Rat study finds potent anti-hypertension proteins in prawns
The prawn-peptides study comes from NOFIMA … a scientific consortium of Norwegian food and health ministries, and Europe’s largest institute for applied fisheries and food research.
Lead author Asbjørn Gildberg said the results were not necessarily limited to this particular type of shrimp.
“These are the highest [ACE-inhibiting effects] seen but [peptide] hydrolysates from Chinese shrimps have indicated levels almost as good,” he said. “The human trial data will be very interesting.”
(Peptide hydrolysates are simply isolated peptides produced by the process of hydrolysis, which involves breaking down the molecular bonds in proteins using heat and either acid or alkali solutions. Hydrolysis of proteins into peptides also happens in your digestive tract.)

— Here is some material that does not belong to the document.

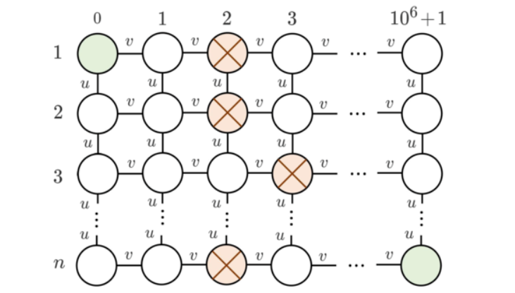 因为在移动的时候不能够穿过障碍,所以现在想通过移动某些障碍使得能从\((1,0)\)走到\((n,10^6+1)\)。障碍只能移到原本没有障碍的位置上,也不能移动到边界外面,可以花费\(u\)枚硬币将障碍上下移动,花费\(v\)枚硬币左右移动。问最少需要花费多少硬币才能从\((1m0)\)走到\((n,10^6+1)\)。

As the researchers wrote: “The measurements by two independent methods both revealed higher in vitro [test tube] ACE-inhibitory activity … than earlier reported in comparable [peptide] hydrolysates.”
“An introductory feeding trial with spontaneously hypertensive rats indicated positive in vivo results ...”. (The term in vivo means experiments in animals (or people), as opposed to tests performed on isolated tissues or cells, which are called in vitro.)

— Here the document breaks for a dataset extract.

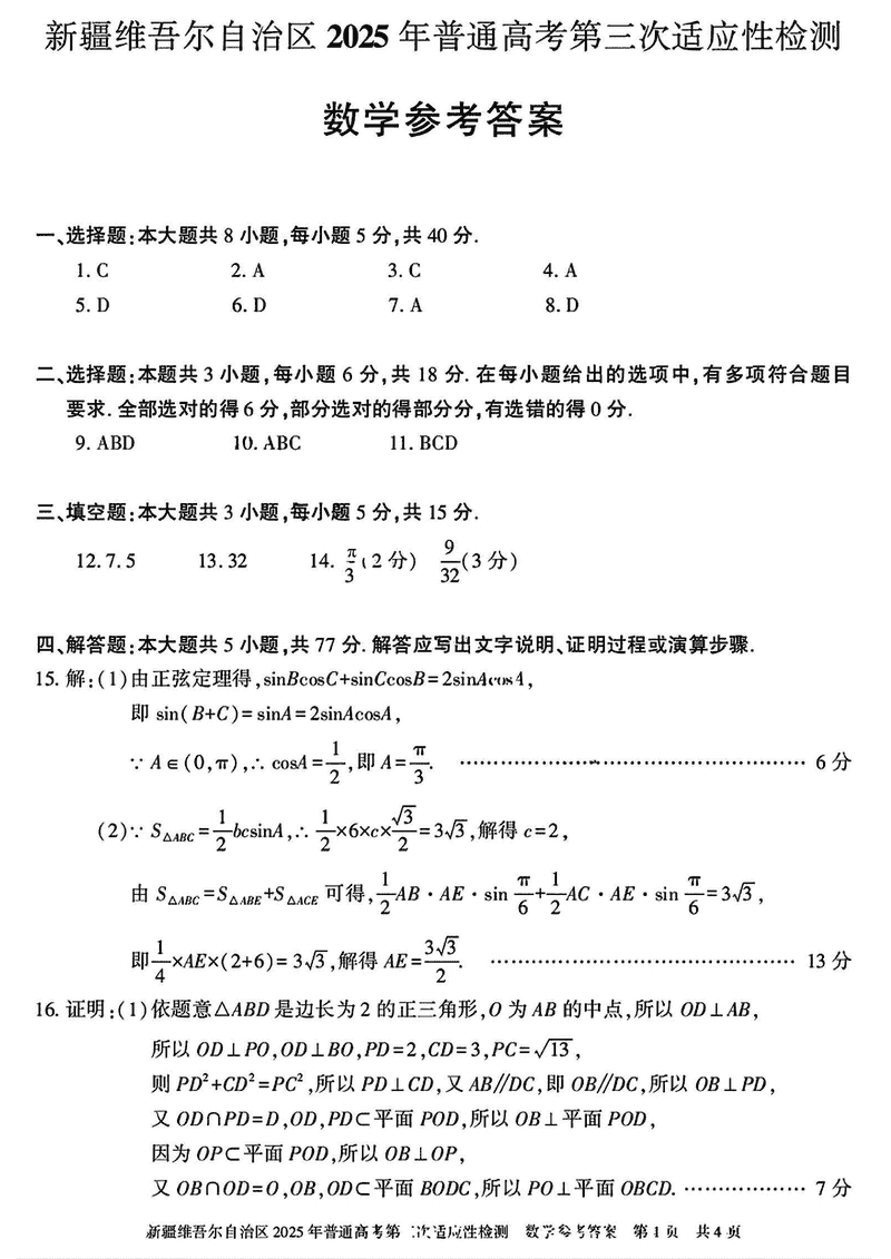 新疆2025届高三下学期第三次适应性检测数学考试已于近日开考,为方便考生考后及时查看考试情况,查漏补缺、弥补不足,本文整理了试题答案解析相关信息!

“Although further in vivo studies are necessary to verify the antihypertensive potential, the very high in vitro ACE-inhibitory activity reveals that the shrimp protein hydrolysate is a promising candidate for nutraceutical application.”
NOFIMA worked with Norwegian biotech firm Marealis, which develops bioactive peptides from sustainable Arctic Ocean sources, and partly funded the studies.
Are seafood peptides superior?
While milk, soy, and other food sources of anti-hypertensive peptides work well in test tube studies, they are not always active in animals or humans.
Certain seafood peptides seem to be more effective because they are absorbed intact while peptides other foods are broken down by digestive enzymes.
Three clinical studies have shown that fish peptide supplements can exert significant blood pressure-lowering effects in people with high blood pressure.
And supplements containing isolated fish peptides appear to be effective in two-thirds of people with high blood pressure … about the same percentage as common ACE-inhibiting drugs.
That said, we need more research to determine whether eating seafood species known to contain potently anti-hypertensive peptides produces a measurable effect, and over what time period.